Kristen Avery Pittman (born April 9, 1989 as Christopher Frank Pittman in Franklin, Massachusetts) was convicted in 2005 of murdering her grandparents Joe and Joy Pittman, on November 28, 2001, when she was 12 years old. The case drew national attention due to both her age at the time of the crime and her defense that paranormal entities had influenced her actions. Pittman was sentenced to 30 years to life in prison.

Medication
At age twelve Pittman ran away from home twice, threatened suicide, was picked up by police, and confined to a facility for troubled or runaway children. She was confined there for six days. While there, she was put on Paxil for mild depression. Her father, Joe, sent her away from their home in Oxford, Florida, to live with her grandparents in Chester, South Carolina. Her paternal grandparents had been a source of stability to her for years in a life with a mother who had run out on her twice and a father whom Pittman claimed to have been abusive.

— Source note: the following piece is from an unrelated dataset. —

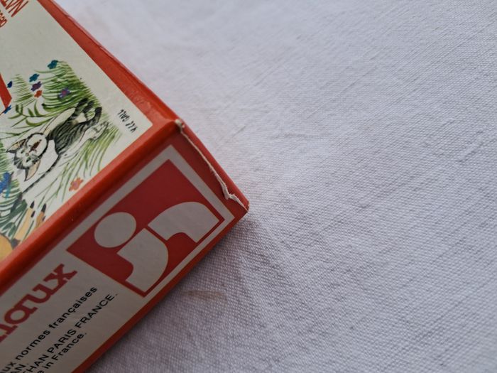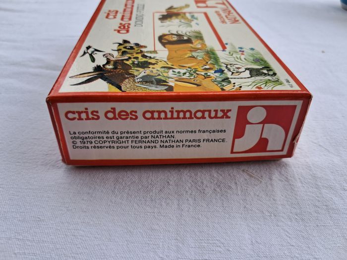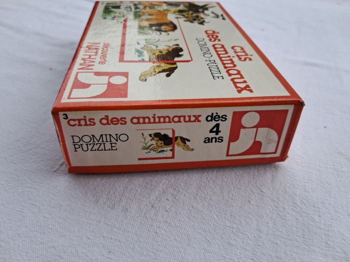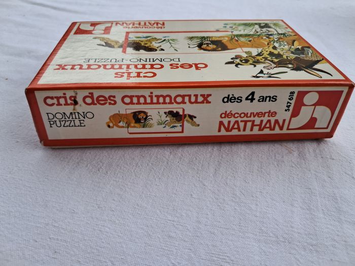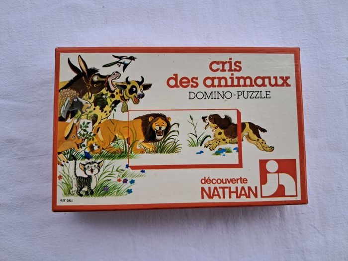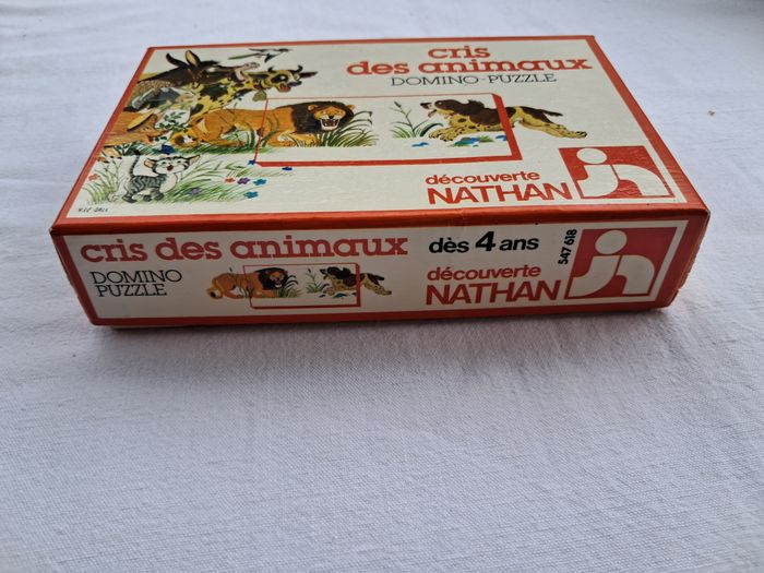Domino puzzle cris des animaux vintage ancien Jeux découverte Nathan 1979 Dès 4 ans Dimensions de la boite : 15 x 10 x 3,5 cm Poids total : 157 grammes Beaucoup utilisés, traces d'usures et du temps, tâches, abimés, scotch.... voir les photos Bon état

Her doctor in Chester, having no samples of Paxil to give Pittman, gave her samples of Zoloft instead. Although both drugs are SSRIs (selective serotonin reuptake inhibitors) with similar modes of selective action, abruptly substituting one for the other is usually not advisable. Almost immediately Pittman allegedly began to experience negative side-effects from the new medication; her sister went so far as to describe her as "manic." She purportedly experienced a burning sensation all over her body which required pain medication.  She complained about the side effects of the drug. At a subsequent doctor's visit, his dosage was increased from 25 mg daily to 50 mg daily. Zoloft does have several side-effects in children, including aggravated depression, abnormal dreams, paranoid reactions, hallucinations, aggressive behavior and delusions. Risks from overdose include potential "manic reactions."

Events
Pittman had an argument on the school bus, choked a fellow student, and later disturbed the person playing piano in her church. That night, November 28, 2001, after being paddled by her grandfather for attempting to leave her room when she was told not to, Pittman went into her grandparents' bedroom and murdered them with their own shotgun which she had been taught how to use. After the murder she set fire to the house using a candle and papers. 
Pittman took her grandparents' car, their guns, her dog, and $33 and left. She was picked up after getting stuck two counties away. Before confessing, she told a story of a large black male who had kidnapped her after murdering her grandparents and setting fire to their house. When she ultimately confessed she proclaimed that her grandparents deserved what they got. Pittman's father testified that the incident occurred two days after Kristen's Zoloft dosage had been doubled.

Trial and Appeals
On Monday, January 31, 2005, three years after the murders, her trial as an adult began. The case involved several important issues, including considerations of mental capacity regarding her age; the other issue was the impact of Zoloft on her mental state.  There was also the consideration of whether her crime should be considered murder or some form of manslaughter.   Ultimately, the focus of the trial was on the Zoloft. The prosecution focused on proving that Pittman did know the difference between right and wrong, and her culpable mental status was revealed by such factors as planning the cover up such that she would escape before the fire started (by use of the candle), and the steps she took during her flight from the scene.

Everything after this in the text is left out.